Wieder wurde mir bewusst, dass ich mir meine Grenzen selber setze. Zum grössten Teil unbewusst. Viele übernommen durch gesellschaftliche Normen, konditioniert, durch Erfahrungen erlangt oder einfach mal angenommen ohne genaueres Prüfen. Grenzen an sich sind neutral. Es ist der Ort, wo Wachstum geschehen kann. Der Aufenthalt an der eigenen Grenze kann spannend, interessant und anstrengend sein. Darum ist es umso wichtiger, kann man immer wieder zurück in der eigenen Mitte ankommen, entspannen, auftanken und einfach so angenommen sein. Ausgleich schaffen. Oft weiss man erst genau, wo sich die Grenze befindest, wenn sie überschritten wurde oder man sie selbst überschritten hat. Dies kann sehr unangenehm und hart und gleichzeitig auch sehr lehrreich sein. So weiss man beim nächsten Mal, wo die eigene Grenze ist, und kann vielleicht besser für sich einstehen. Auch ohne die Grenzüberschreitung kann man erahnen und körperlich spüren, wo sich die Grenze befindet. Interessant finde ich den Ursprung der Grenze herauszuspüren. Angst oder Integrität? Wenn ich mich immer in meiner Mitte und Komfortzone befinde, kommt die Grenze mit der Zeit näher zu mir, ohne das ich etwas tue. Mein Handlungsspielraum wird kleiner. Bin ich nur an der Grenze und finde nicht in die Mitte, brenne ich aus. Reiner Überlebensmodus. Ebenso wird der Handlungsspielraum auf das Notwendige reduziert. Ich wünsche den Menschen, die sich stets an der Grenze befinden, dass sie in sich Räume des Vertrauens, der Liebe, der Stille schaffen können, auch wenn diese im Aussen noch nicht vorhanden sind. Damit sie einen Augenblick ausatmen und loslassen können. Und die Menschen, welche stets gemütlich in der Mitte verweilen, fordere ich auf, mutig zu sein und immer wieder ihre Grenzen, das noch Unbekannte zu erkunden, damit sie über sich selbst hinauswachsen können. Denn wenn beides möglich ist, das Verweilen in der eigenen Mitte, im wohligen, bekannten Raum sowie das Entdecken, Erkunden und Erforschen - Erfahren - an der eigenen Grenze, ist es ein wundervolles Spiel! So kann man das Potential, welches das Leben einem bietet, am besten ausschöpfen.

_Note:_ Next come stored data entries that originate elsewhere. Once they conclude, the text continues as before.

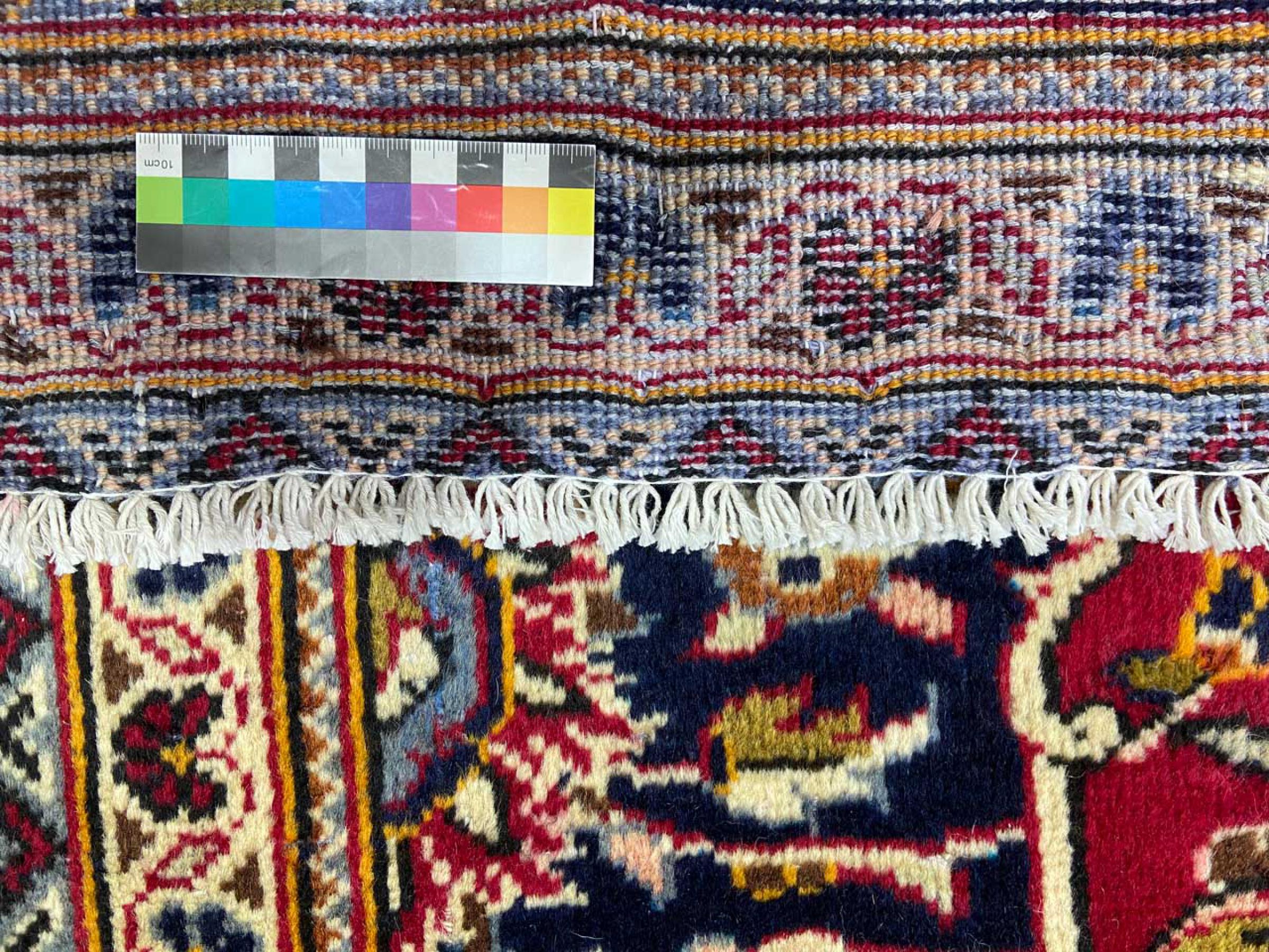 Este tapete é feito de lã de ovelha fiada à mão, da mais alta qualidade. Especialmente no Irão (antiga Pérsia), Afeganistão e Paquistão, a lã ainda é fiada à mão antes do início do nó do tapete. A lã tem provado ser um material natural e extremamente resistente ao longo dos séculos. Entre outras coisas, tem propriedades repelentes de impurezas e isolantes térmicos. Ao mesmo tempo, a lã é incomparavelmente macia e tem um brilho natural.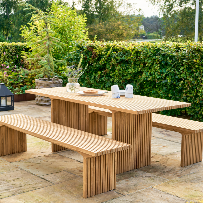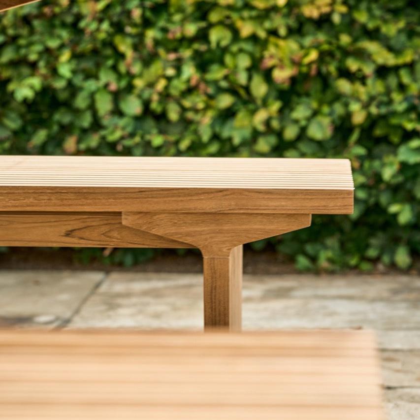 Parallel er en skulpturel serie af havemøbler lavet af tynde lameller af massivt teaktræ. Serien består af et bord og to bænke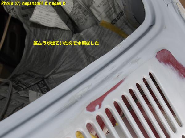リヤガラスはめ合い部の車体外装部分に下地に塗ったサビ止め塗料エポローバルの筆ムラが薄く出ていました。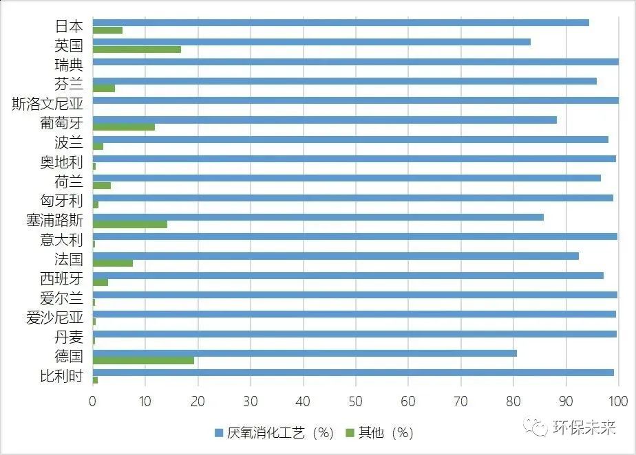 由圖1可以看出,目前發(fā)達國家的廚余垃圾處理技術(shù)主要以厭氧消化為主,約占市場份額的9成左右。其主要原因是相比于堆肥等其他處理技術(shù),厭氧消化技術(shù)更加環(huán)保和先進,受到業(yè)內(nèi)的廣泛關(guān)注,逐步形成一套成熟的產(chǎn)業(yè)鏈,進而得到市場的認可和推廣。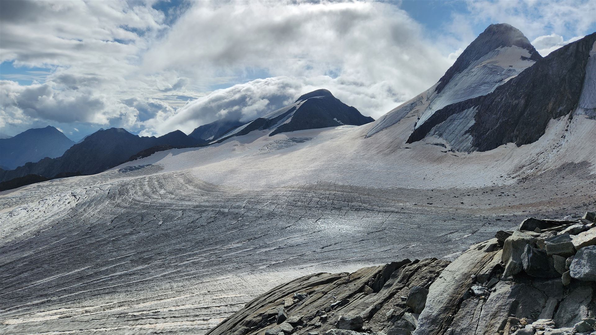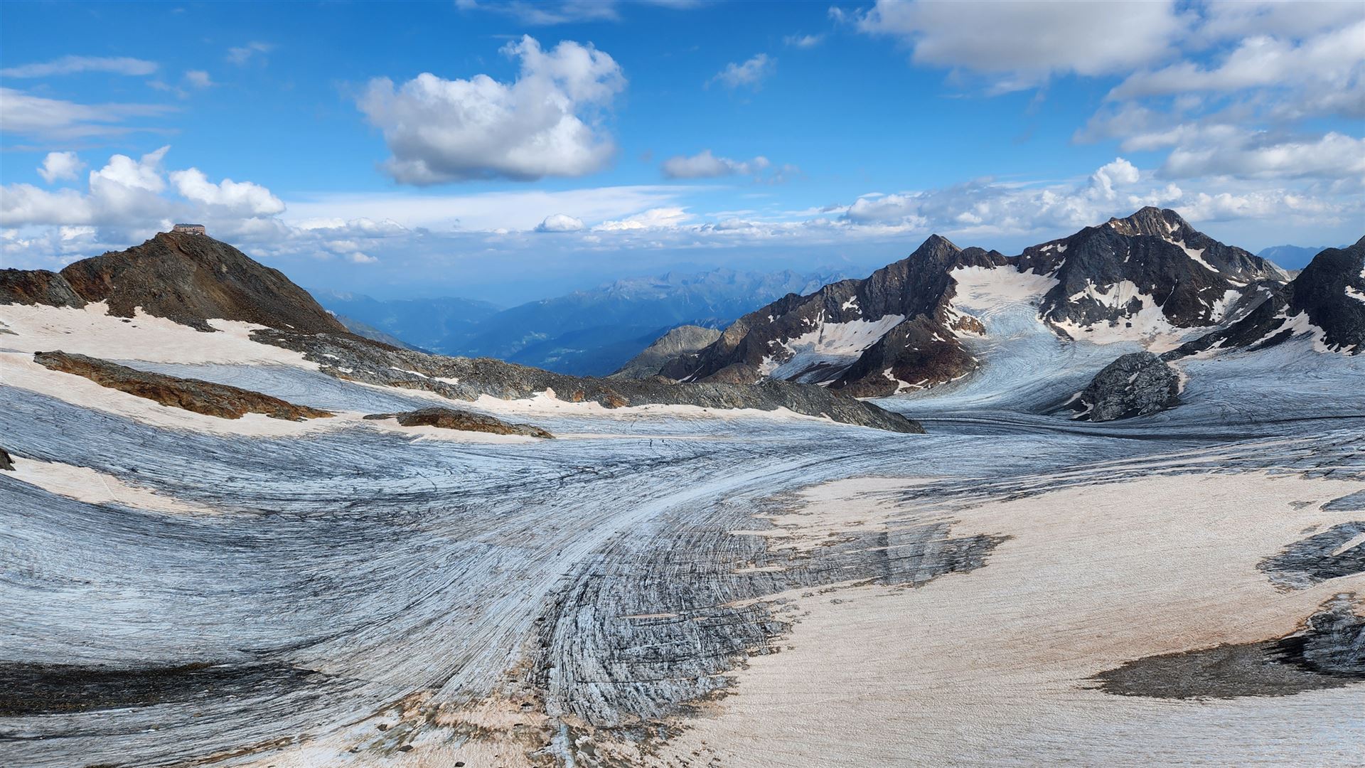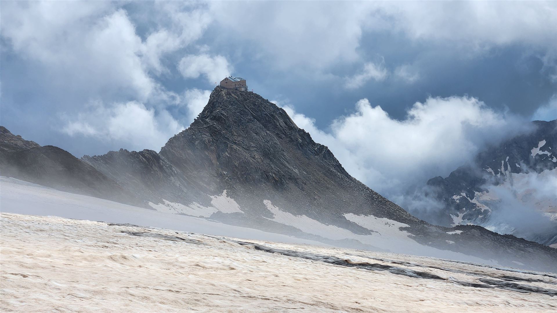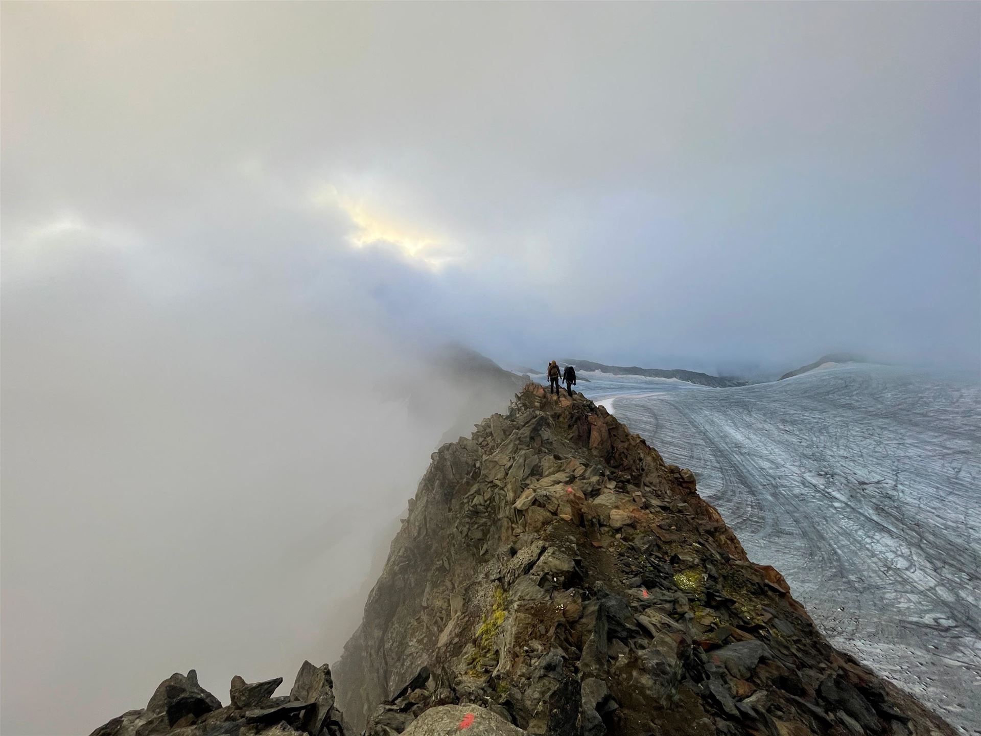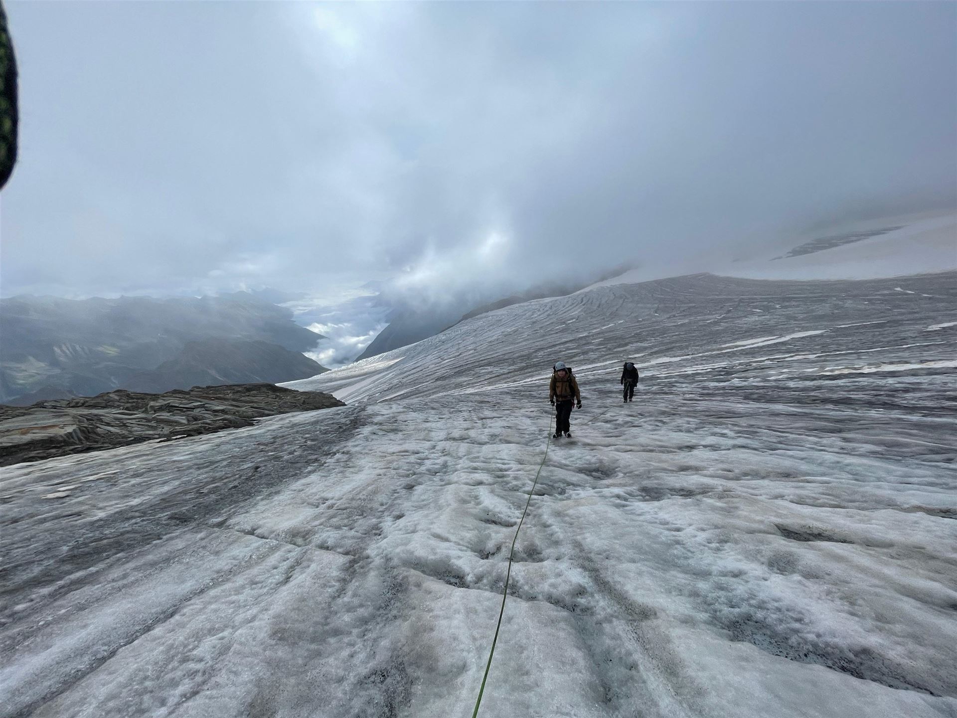 Leider waren die Sicht und vor allem die Fernsicht ziemlich eingeschränkt. Nach wochenlangem Sommerwetter war ausgerechnet an diesem Wochenende schlechteres Wetter angesagt. Aber zwischendurch riss die Wolkendecke immer wieder auf und ermöglichte schöne Ausblicke auf die umliegenden Berge und Gletscher.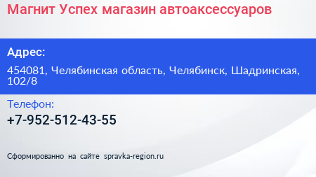 Магнит+Успех, магазин автоаксессуаров по адресу 454081, Челябинская область, Челябинск, Шадринская, 102/8 в дальнейшем Организация, размещена в следующих категориях: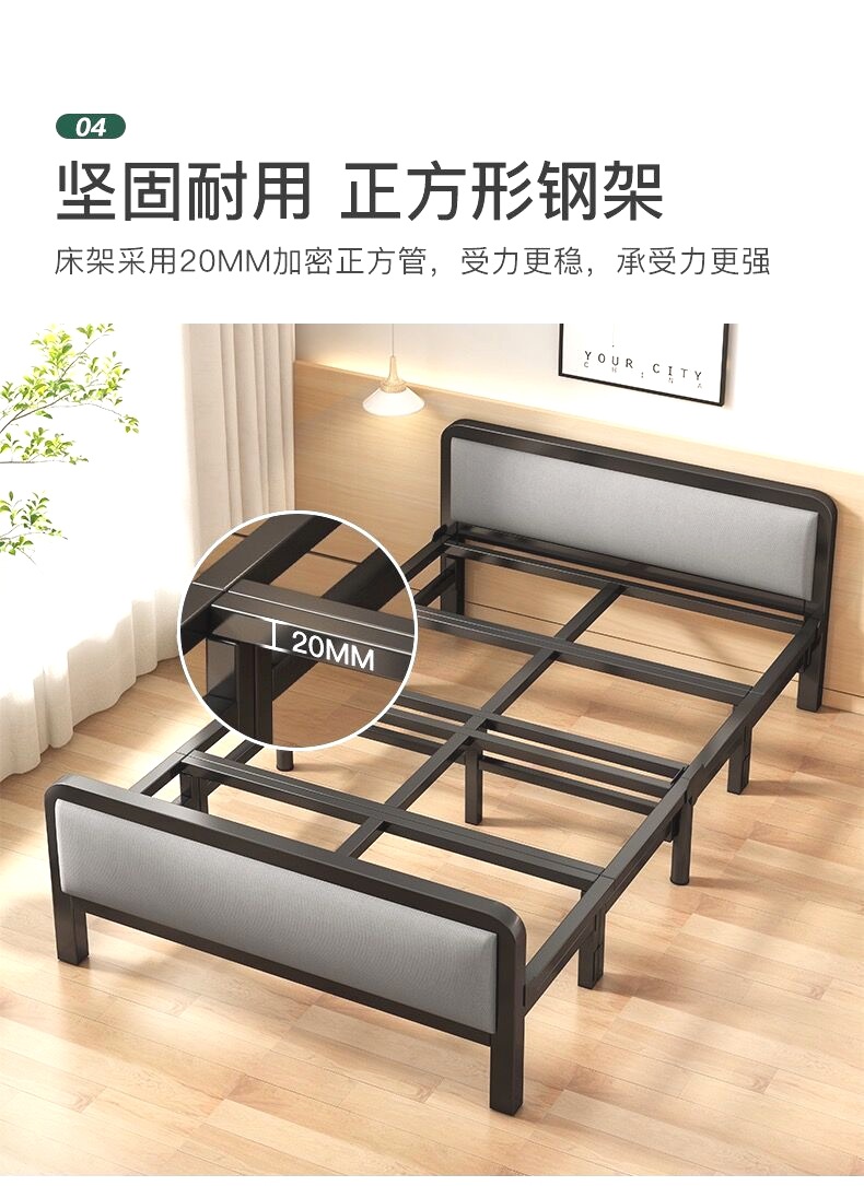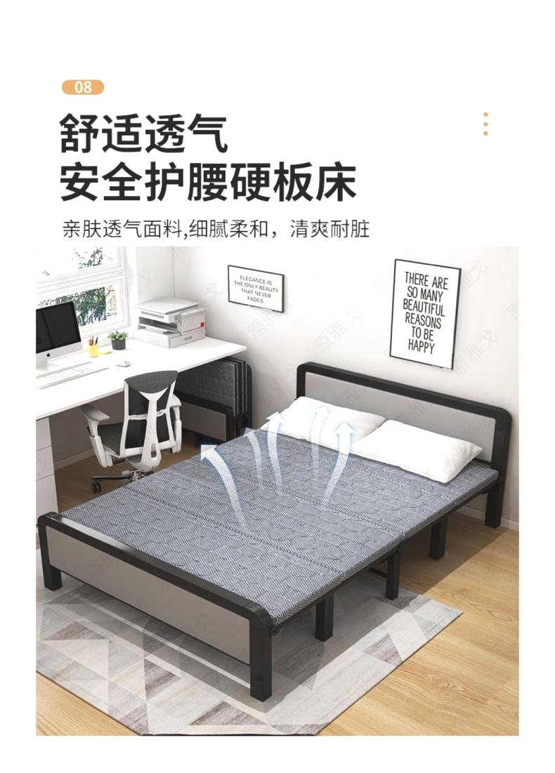 접이식 침대 성인 싱글 침대 가정용 더블 침대 사무실 점심 시간 침대 임대 집 철제 침대 단단한 나무 침대 L^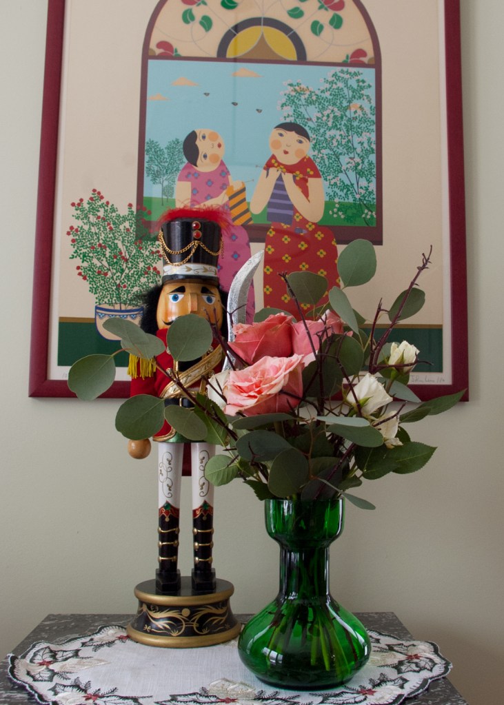 Yesterday morning my flower bouquet was fading fast – white stock blossoms falling to the table like the snow flakes floating to the ground outside, and the edges of the roses starting to brown. I thought of Wabi-sabi and pulled apart the bouquet, keeping the roses that still seemed to have a few more days left, adding them to a green glass hyacinth vase that already had a few red osier dogwood (Cornus sericia) twigs in it. I finished the vase with the Eucalyptus and thought what a perfect final Monday Vase of 2020 for Cathy’s weekly theme. Happy New Year everyone – here’s hoping that life in 2021 returns to ‘normal!’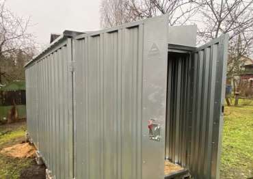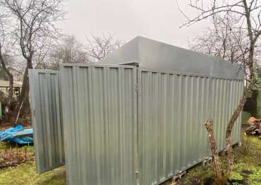 Нами была изготовлена стандартная 4-метровая конструкция с односкатной крышей и торцевой воротной группой в блестящем цинковом цвете.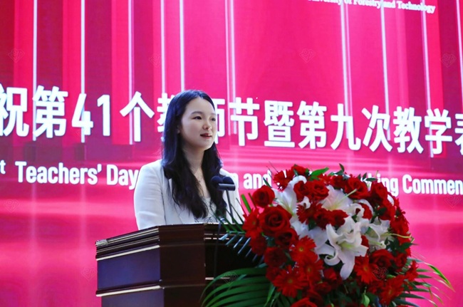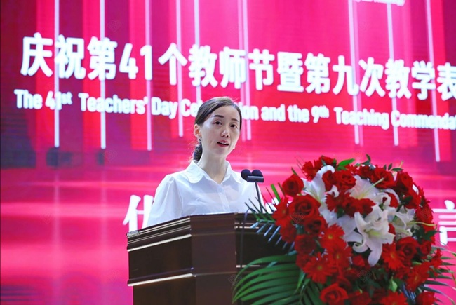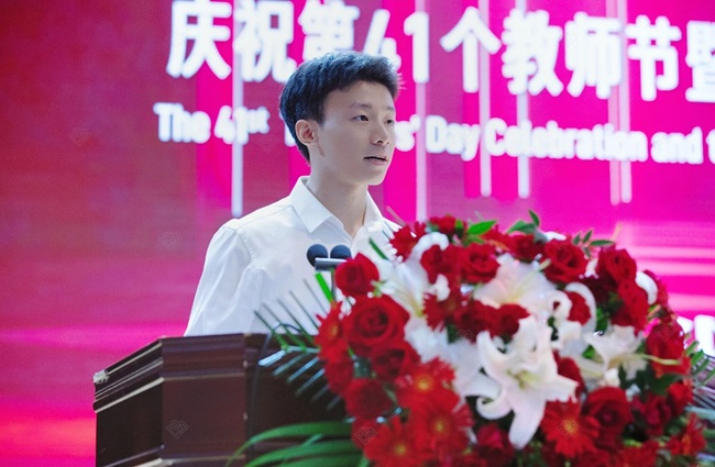 “师恩如灯,照亮我们前行的路;师情如泉,滋养我们成长的根。”2023级计算机科学与软件工程国际实验班陈昊添作为学生代表发言,向全体教师献上节日祝福。他深情回顾了老师们谆谆教导、耐心指引的感人点滴,表示将传承师者初心,以所学知识回馈社会、担当责任,并祝愿老师们身体安康、桃李芬芳。

Also: Find your inner peace and/or step out of your comfort zone. ;)

Haha, Scherz.:) Du bist natürlich frei, wie Du Dein Leben gestalten möchtest. Dazu gehört auch, sich bewusst von antrainierten, hinderlichen Grenzen zu befreien oder bewusst Grenzen setzen zu lernen. Das liegt als erwachsener Mensch in meiner Selbstverantwortung. Ich merke, ich komme richtig in Schwung und könnte wohl ein ganzes Buch darüber schreiben, da sich mehr und mehr Türen in meinem Geist dazu öffnen und weitere Assoziationen in meinem Kopf aufploppen. Das lass ich für heute und knüpfe später mit weiteren Gwunderworten damit an.


Jetzt lade ich Dich ein zu beobachten, wie diese Worte in Dir anklingen. Wo befindest Du Dich im Moment gerade? Kannst Du es als ein Spiel zwischen den beiden Polen (innere Mitte und Grenze) wahrnehmen oder hast Du das Gefühl, Dein Handlungsspielraum ist gerade etwas zu klein für Dich? Und Du möchtest vielleicht sogar etwas daran ändern? Braucht es ein bisschen mehr Mitte oder mehr Mut für Dein Gleichgewicht?


Viel Gwunder wünsch ich uns beim Ausprobieren und Spielen; beim Entdecken an und mit den Grenzen und zuerst ein gutes Ankommen bei Dir Selbst.